Only 25, Bellinger is just entering his prime and if he can post numbers like he did in 2019, he could have a strong case for Cooperstown.

While not Hall-worthy, the Grand Canyon State has produced some solid players over the years.

Infielder Solly Hemus (Phoenix) played in the Bigs from 1949 to 1959. Never a superstar he was a dependable player and good defender. He had a knack for betting in base; for his career his on-base percentage was .390.

Other Arizona-born players include D.J. Carrasco (Safford), who managed a 24-21 pitching record in eight years. He won his only decision in an Arizona Diamondbacks uniform.

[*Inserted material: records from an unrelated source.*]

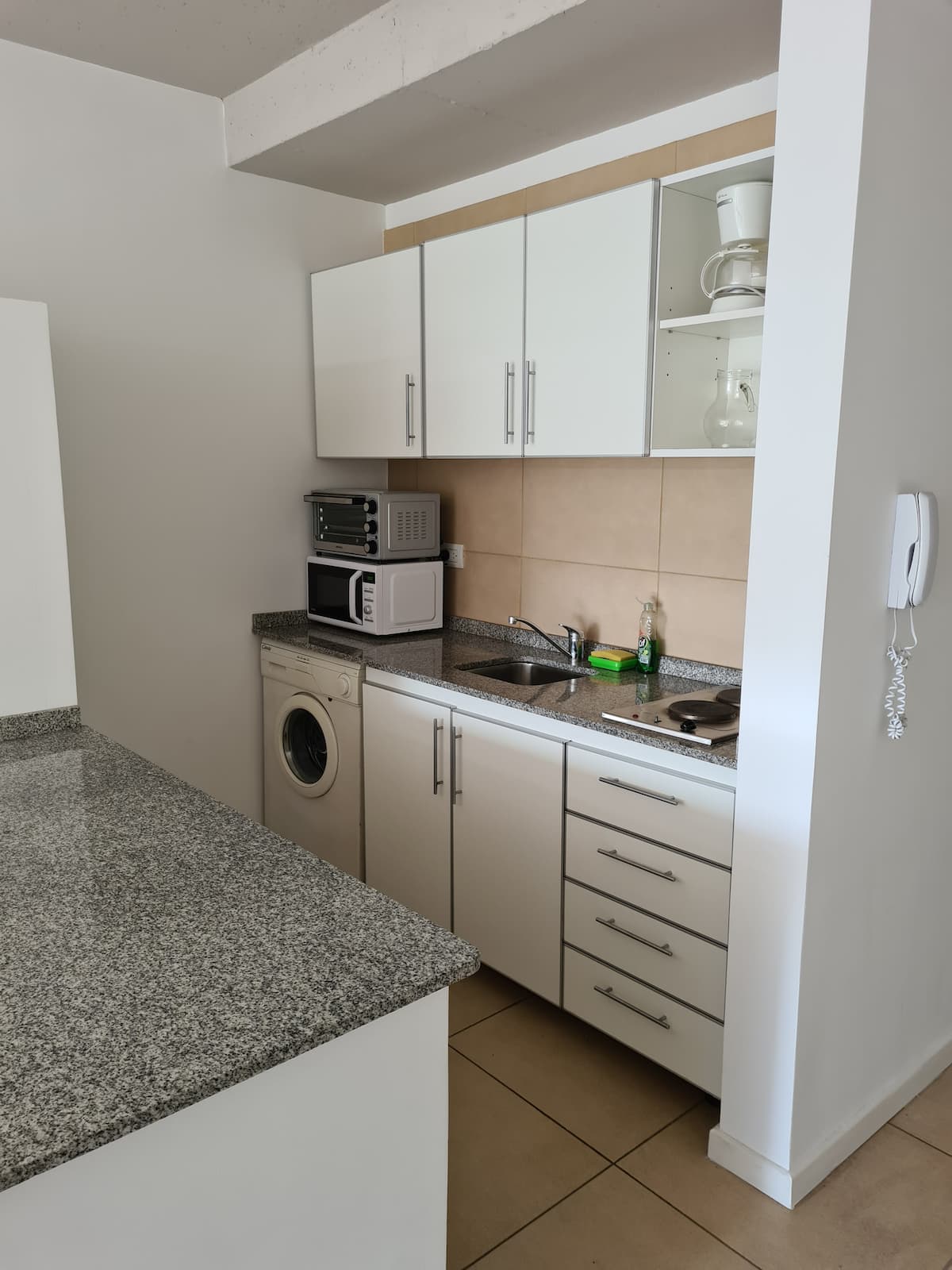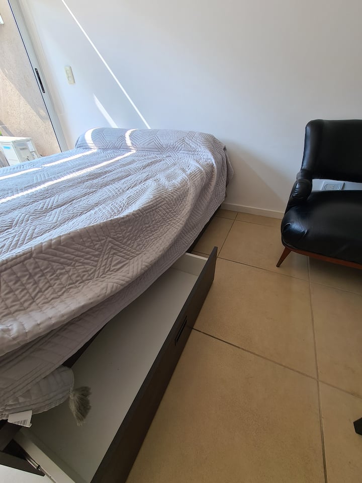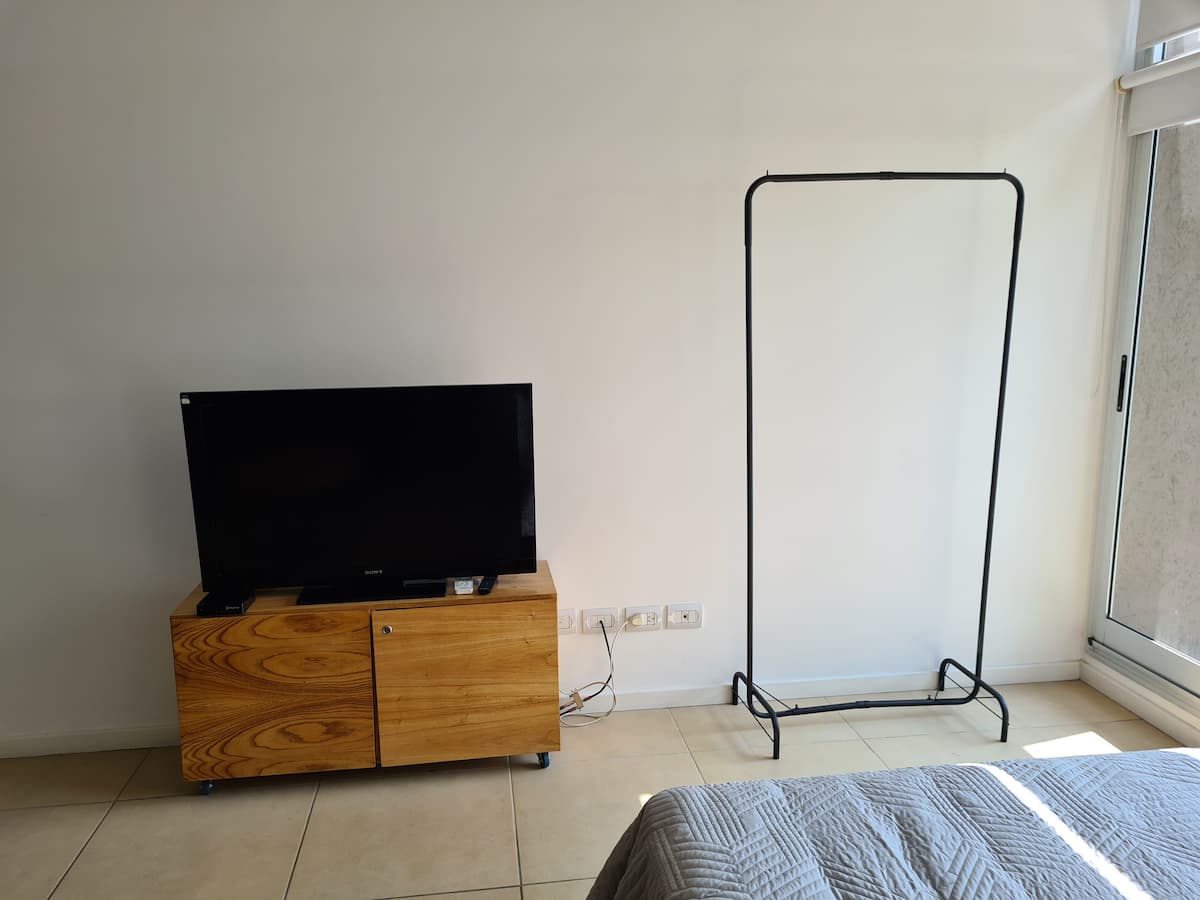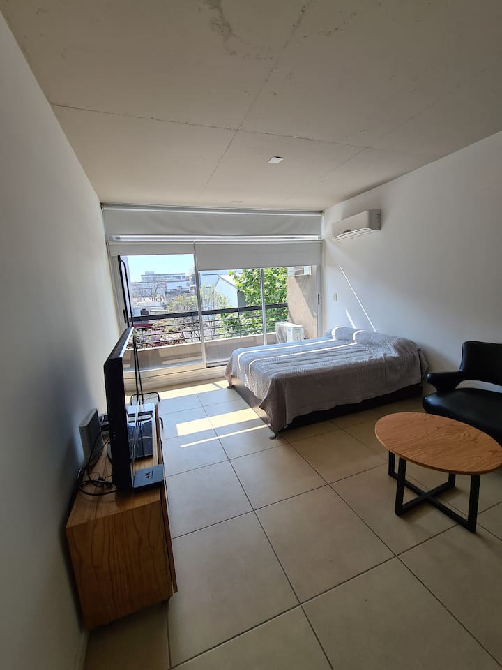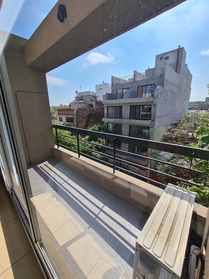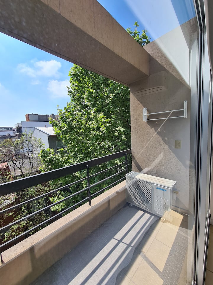 Квартира в Saavedra, с балконом на улицу и окнами на фасад. В ней есть кондиционер (тёплый/холодный) и кухня с холодильником с морозильной камерой. Также указаны стиральная машина, кофеварка, тостер и микроволновая печь. 5 кварталов до Av. Cabildo (метро) и 7 кварталов до Dot Baires Shopping.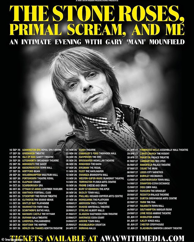 He was due to recount his experiences at various venues across the UK between September 2026 and June 2027, looking back on moments such as the iconic 1990 Spike Ilsnad gig, as well as the Stone Roses’ comeback stadium tour.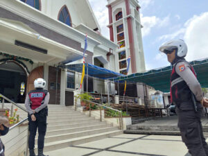 Tampak terlihat Personel Sat Samapta secara aktif memantau situasi di sekitar area Gereja dengan melakukan Patroli, berkoordinasi dengan petugas keamanan Gereja hingga lakukan pengaturan arus lalu lintas terhadap kendaraan yang masuk dan keluar Gereja maupun kendaraan yang melintas, serta membantu menyeberangkan para Umat.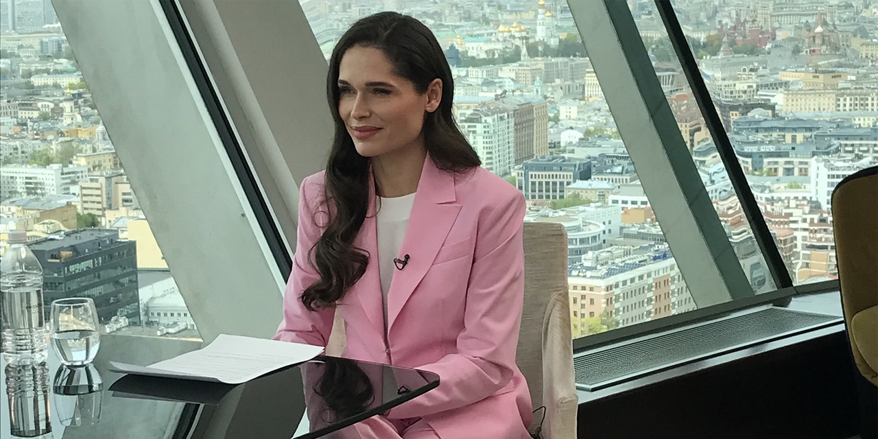 Галерист Полина Аскери в костюмах VASSA&Co из коллекции SS 2022 и FW 2022-23 на съемках передачи "Selfmade" для LIS CHANNEL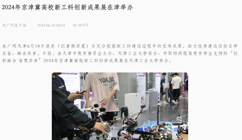 央广网天津6月18日消息(记者韩雨晨)为充分挖掘新工科建设过程中的优秀成果,助力优秀建设经验互学互鉴、融合共享,日前,由天津市教育委员会主办、天津工业大学承办、中国纺织服装教育学会支持的“创新融合 智慧共享”2024年京津冀高校新工科创新成果展在天津工业大学举办。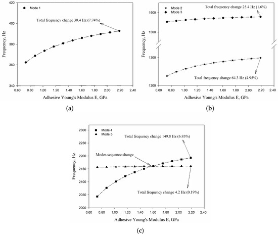 Sensitivity study of the eigenfrequency change due to the adhesive E modulus variation: (a) Mode 1; (b) Mode 2 and 3; (c) Mode 4 and 5.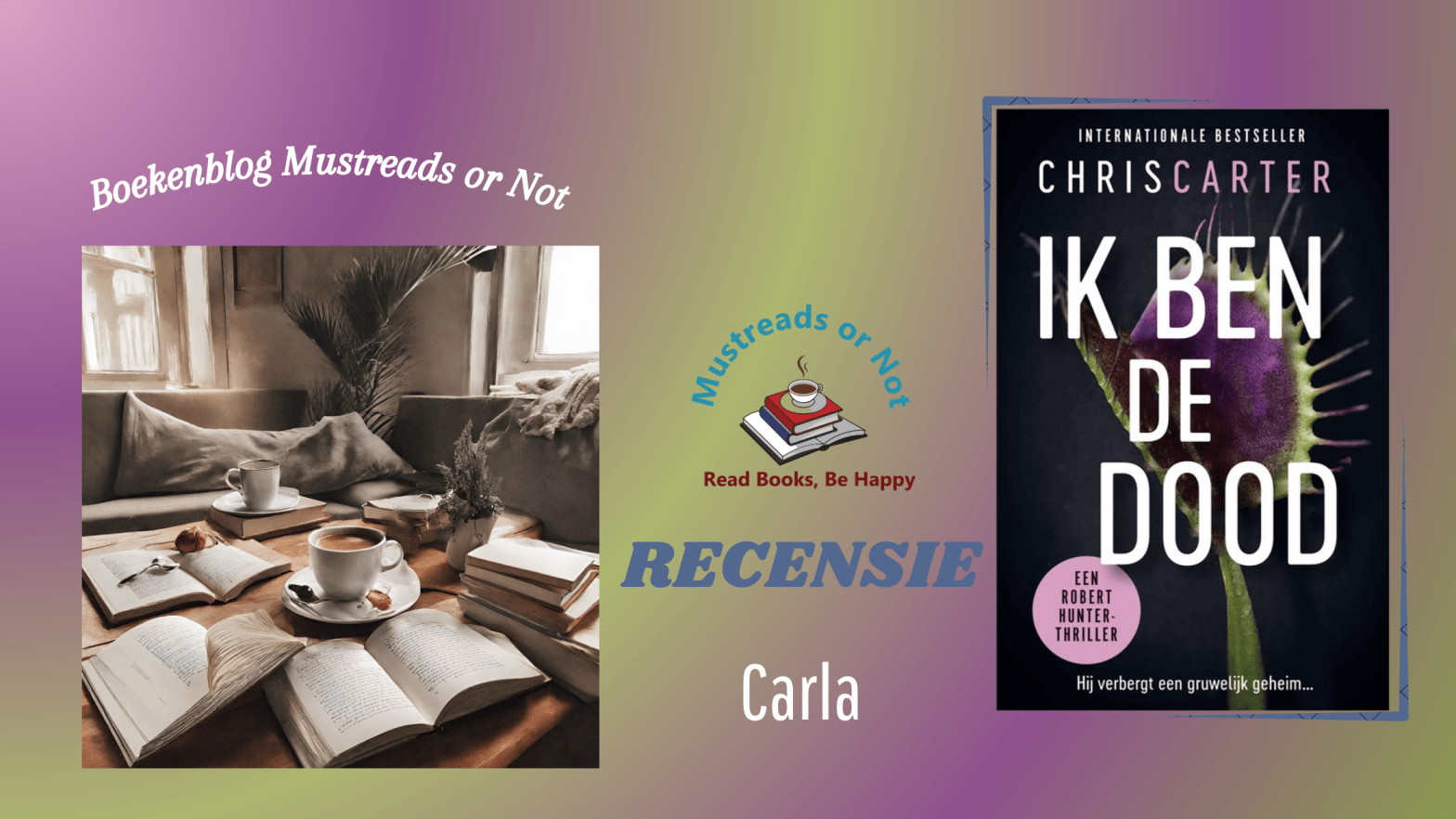 Chris Carter – Ik ben de dood. Auteur: Chris Carter Uitgever: Harper Collins Nederlands 14 januari 2025 9789402716115 384 pagina’s Ik ben de dood. Pfff, ik moet nog even bijkomen! Wat een bloedstollend spannende thriller is dit weer zeg! Iedereen kan zelf de achterflap lezen van dit zevende deel van Chris Carter, en natuurlijk moetenMeerMeer lezen over “Ik ben de dood – Chris Carter “Wat een intense thriller! Kroop echt onder mijn huid en was niet weg te leggen!””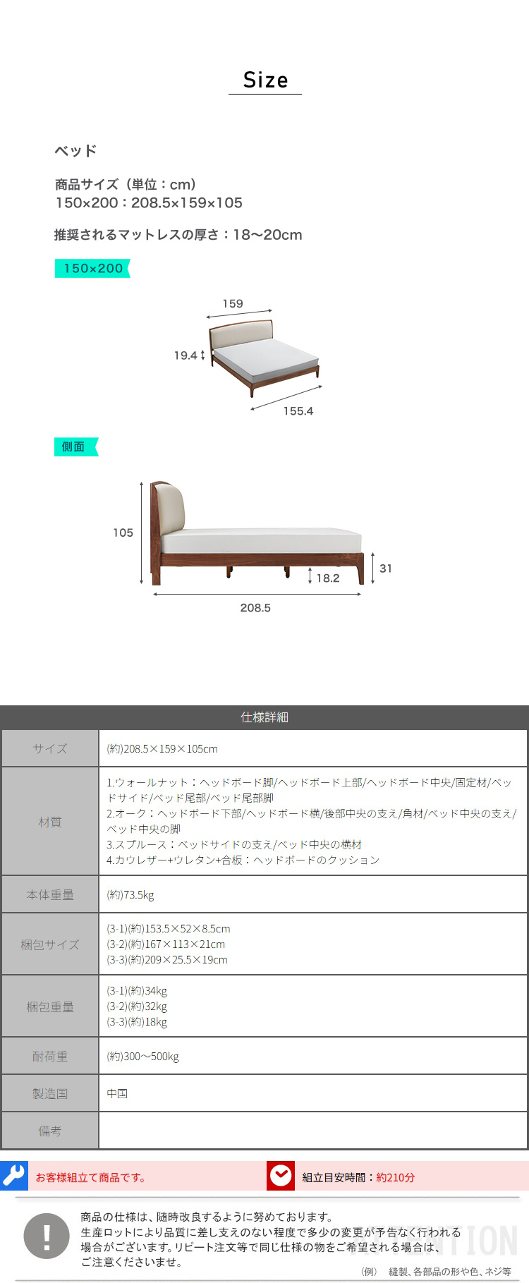ベッド 150×200cm ウォールナット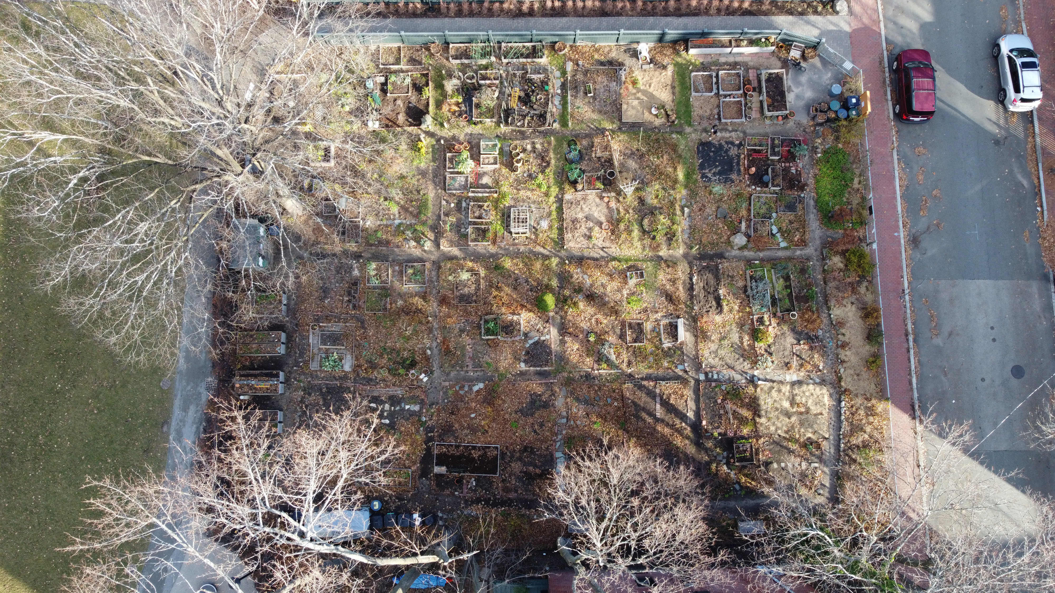 that was enough flying for one day, and i was ready to leave the drone at home, but decided to bring it with me as i went to the community garden to take down some tomato cages. there was one other gardener there, a woman who seemed to be meditating in the sun. she left a few minutes after i arrived and i was there alone. it was too tempting an opportunity so i quickly whipped out my drone and set it into the air. there were a handful of pedestrians going into the park or walking on the sidewalk, none of them seemed to notice the drone overhead. what i wanted was a aerial photo of the community garden, but for some reason i couldn't get the drone in a good place. even though i didn't think i was doing anything wrong, i was still nervous somebody would see the drone and yell at me. initially the fly app gave me a 150ft warning, but that disappeared and i managed to get up to 400ft to shoot a panorama video. i was high enough that i actually saw the ocean. annemarie showed up in the garden while i was bringing back the drone, she didn't seem to notice what i was doing. the DJI mini 2 is inconspicuous enough that most people hardly notice it. it makes a buzzing noise when it's near the ground, but as soon as it's up in the air, most people wouldn't even know what it was to look, and even if they did, the drone is actually hard to pick out from the sky.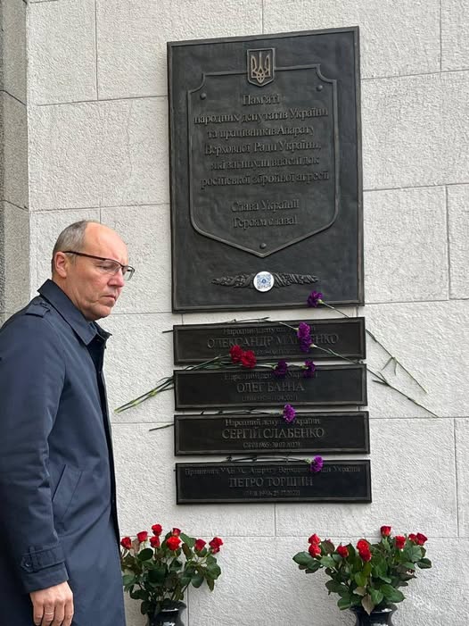 Меморіальна дошка, встановлена на місці вбивства Андрія Парубія (вулиця Єфремова, Львів)

John Denny (Prescott) won 123 games during his 13 seasons on the Majors. His best season came in 1983 with Phillies when he registered a 19-6 record and earned the N.L. Cy Young Award.

Keeping it closer to home, Keith Brown (Flagstaff) was born on Valentine’s Day in 1964. He broke into the Majors with the Cincinnati Reds. He won two of his first three starts in 1988, never winning another game. His four-year career ended with a 2-2 won-loss record.

Gil Heredia (Nogales) won nearly half of his career 57 wins between 1999 and 2000, when posted 28 wins over a two-year span. His 10-year career ended after the 2001 season.

Alex Kellner (Tucson) also started out with promise. He won 20 games in 1949, his second year in MLB, but never matched that performance again. He ended his 12-year career with 101 wins against 112 losses.

The Arizona player with the most state-appropriate moniker is Steve Phoenix (Phoenix). He appeared in three games for the Oakland A’s between 1994-95. He had no decisions. He pitched six total innings in his career, giving up seven hits, nine runs and walking five.